The green stillness of the grove was very grateful after the glare of the river. Geoffrey walked quickly, with the child's hand in his. He had a feeling that if he did not walk quickly he would be too late.
He was not too late; he saw that at a glance. Richard had dallied in his wooing. It had been so wonderful to be with her. Once when he had knelt beside her to pick violets, the wind had blown across his face a soft sweet strand of her hair. It was then that she had braided it, sitting on a fallen log under a blossoming dogwood.
"It is so long," she had said with a touch of pride, "that it is a great trouble to care for it. Cynthia Warfield had hair like mine."
"I don't believe that any one ever had hair like yours. It seems to me as if every strand must have been made specially in some celestial shop, and then the pattern destroyed."

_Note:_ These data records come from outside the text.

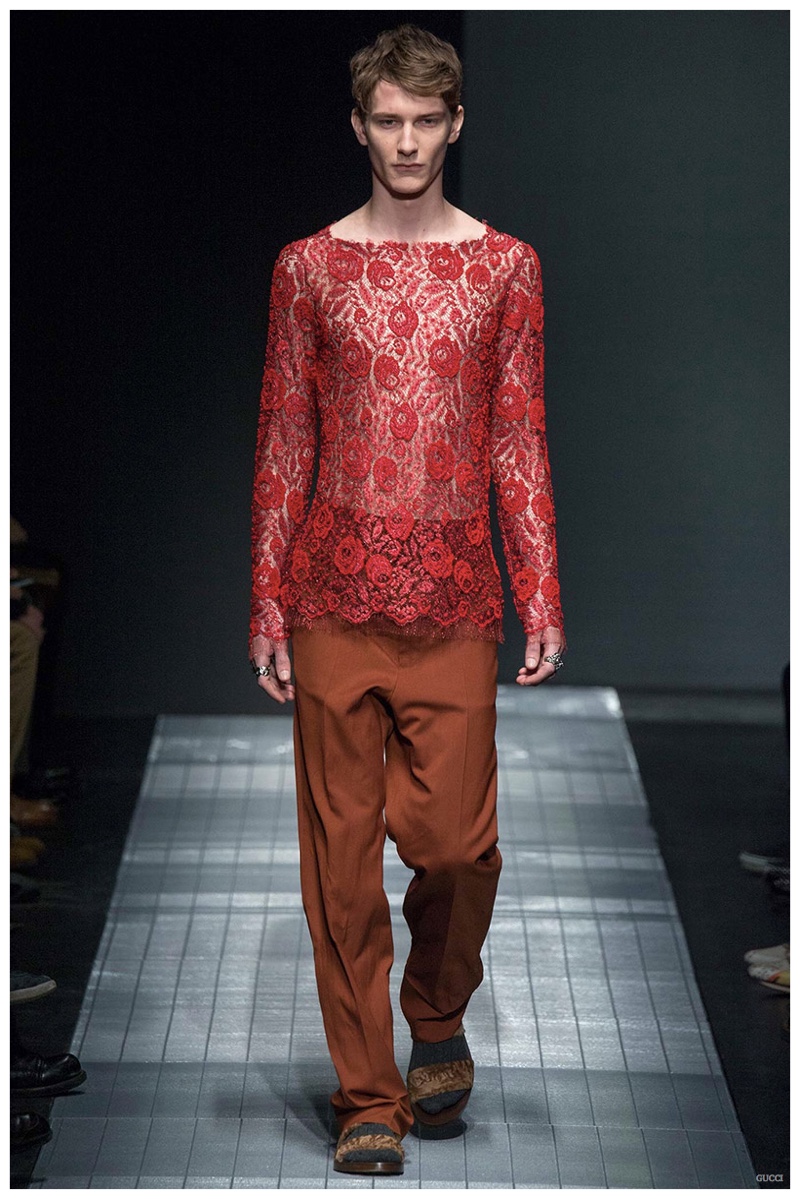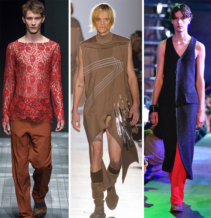 PinLeft to Right: Gucci, Rick Owens, Raf SimonsPinGucci Fall-Winter 2015 Menswear Collection. New Gucci creative director Alessandro Michele proposed a fragile approach to menswear for his debut collection for fall/winter 2015. Red lace delivered a colorful punch that deviated from traditional menswear.PinRick Owens Fall-Winter 2015 Collection. Designer Rick Owens made headlines with his fall collection. Sending his models down the catwalk in revealing clothes that featured the penis on display, Owens championed equal objectification. Long tunics in earthy hues contributed to a unisex look.PinRaf Simons Fall-Winter 2015 Menswear Collection. The lean lines of Simons’ menswear lends itself well to cross over to unisex wear. For fall, Simons delivered minimal fashions that channeled his younger days as a rebellious designer during the 90s.PinJ.W. Anderson Fall-Winter 2015 Menswear Collection. Designer Jonathan Anderson makes it no secret that he is inspired by womenswear when it comes to designing for his men. Anderson’s soft silhouettes called on the 1970s for inspiration.
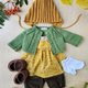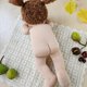 娃娃穿着棉质尿布、棉裤、连身裙、针织棉质开襟外套、针织棉帽和钩针编织的鞋靴。
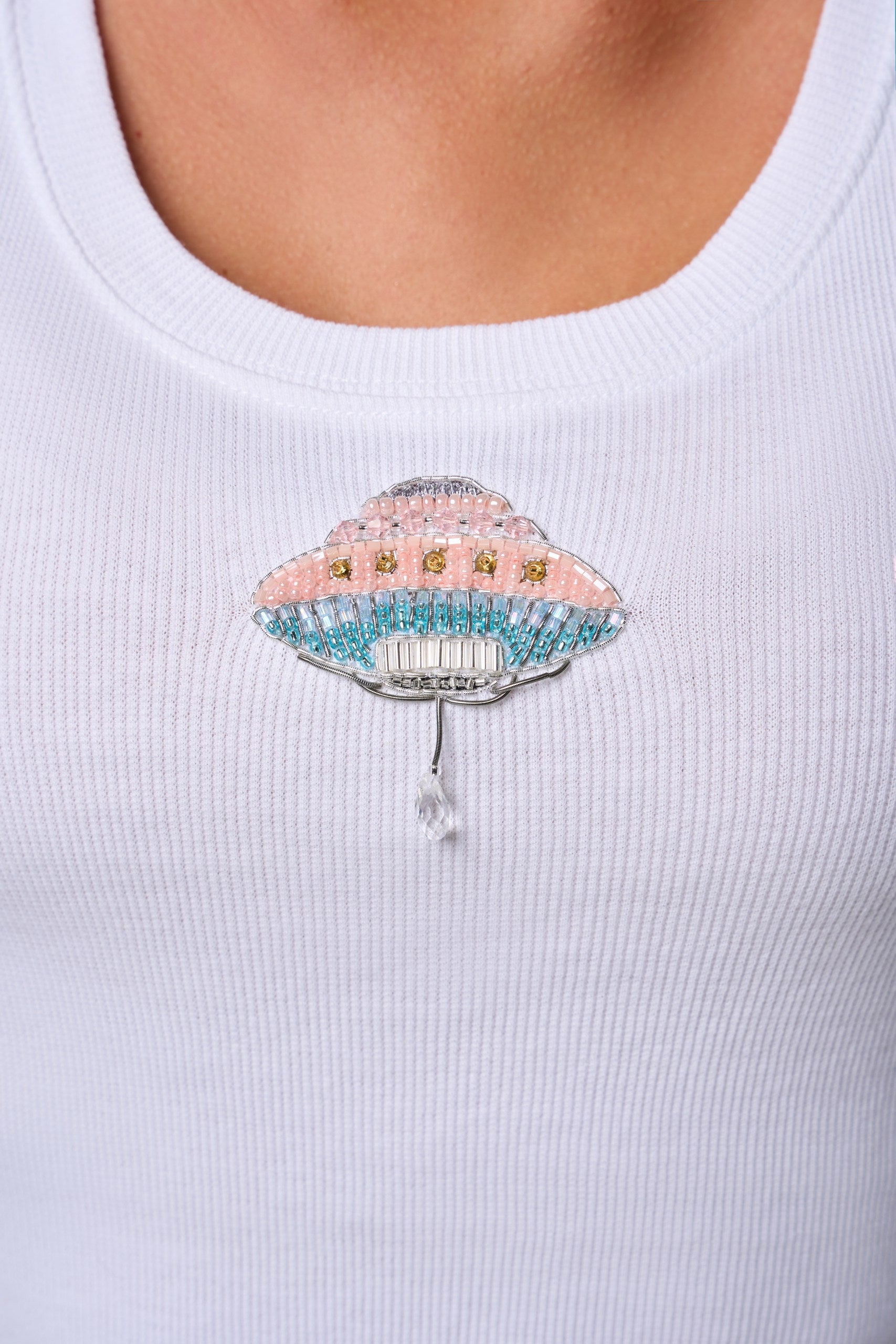 Hand-embroidered spaceship motif.

How lovely she was when she blushed like that! How little and lovely and wise and good. He liked little women. His mother was small, and he was glad that both she and Anne had delicate hands and feet. He was aware that this preference was old-fashioned, but it was, none the less, the way he felt about it.
And now there broke upon the silence of the wood the sound of murmuring voices. Peggy and Geoffrey Fox had invaded their Paradise!
"We thought," Peggy complained, "that we had lost you. Anne, you promised about the tea."
"Oh, Peggy, I forgot."
"Beulah's gone with the basket and Eric, and we can't be late because there are hot biscuits."
Hurrying toward the biscuits and their hotness, Anne ran ahead with Peggy.